Our model will be the following

\[y_i = \mathcal{N}(\mu_i, \sigma)\]

where

\[\mu_i = \beta_0 + \beta_1 x_i\]

and

\[x_i = \begin{cases} 0 & if\, x=F\\ 1 & if\, x=M \end{cases}\]

In this case we have that, for female students, the average grade is $\beta_0\,,$ while for male students it is $\beta_0 + \beta_1\,.$

The female group and, more generally, the group with average dependent variable $\beta_0\,,$ is called the reference group.

The parameter $\beta_1$ can be now interpreted as the difference between the average male and female grade.

The implementation

Let us now see how to implement this model

import seaborn as sns
import pandas as pd
from matplotlib import pyplot as plt
import numpy as np
import pymc as pm
import arviz as az

df = pd.read_csv('https://query.data.world/s/qz5sf27veajjivl3bpa5npazsxzn7z?dws=00000')

Let us now only keep the columns we are interested in

df_red = df[['sex', 'G3']]

df_red['sex'] = df_red['sex'].astype('category')

df_red.head()

	sex	G3
0	F	6
1	F	6
2	F	10
3	F	15
4	F	10

We can now easily build our model. We could easily do this as follows:

x = (df_red['sex']=='M').astype(int)

This method works fine for a binary category, but this method becomes cumbersome as the number of categories grows.

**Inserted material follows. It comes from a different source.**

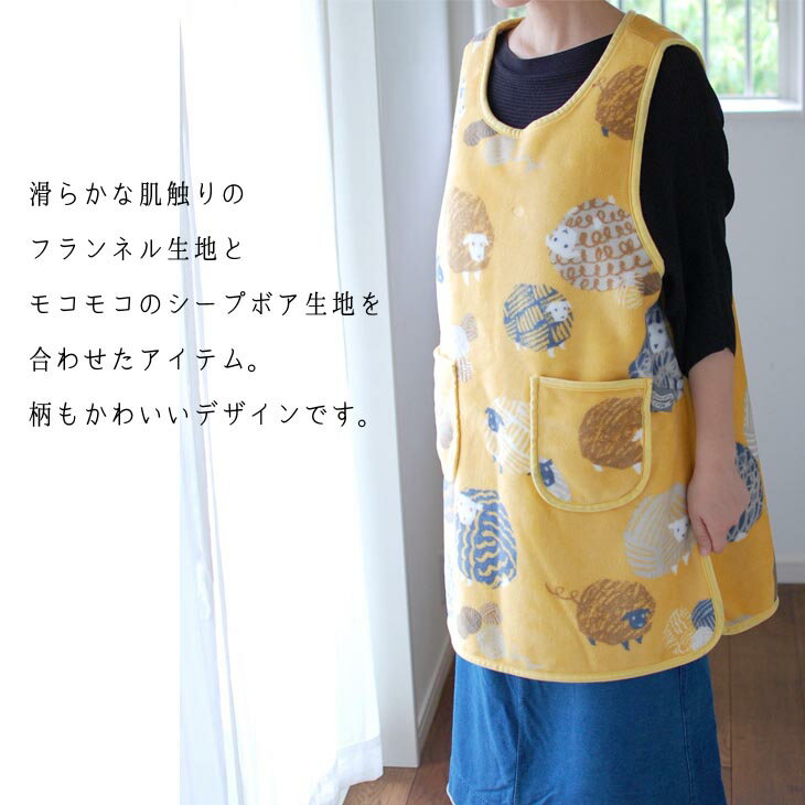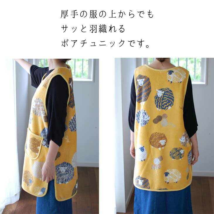 【SALE】【スリッパプレゼント】チュニック エプロン ボア 裏ボア おしゃれ かわいい カワイイ 可愛い 秋冬 防寒 ルームウエア シープボア 動物柄 ヒツジ 羊 森 プレゼント ギフト 65×90 コージー ボアチュニック【72431】【72432】【72433】【72434】
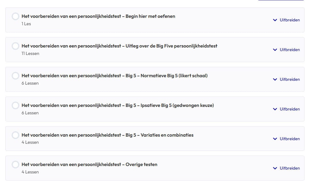 Heb jij binnenkort een persoonlijkheidstest als onderdeel van jouw sollicitatieprocedure? Veel kandidaten vinden de persoonlijkheidstest spannend. Daarom hebben wij een cursus ontwikkeld waarin jij 20+ verschillende testen kunt oefenen. Dat vermindert stress, verhoogt zelfvertrouwen en zorgt dat jij een eerlijk beeld van jezelf kan geven. Start nu nog met voorbereiden voor jouw persoonlijkheidstest.

Fortunately, pandas provides a builtin function to do this job, namely the “factorize” function.

x, cat_data = pd.factorize(df_red['sex'])

cat_data

CategoricalIndex(['F', 'M'], categories=['F', 'M'], ordered=False, dtype='category')

Since the first category is “F”, the females will be associated to the 0 values in x, while males will be associated to 1.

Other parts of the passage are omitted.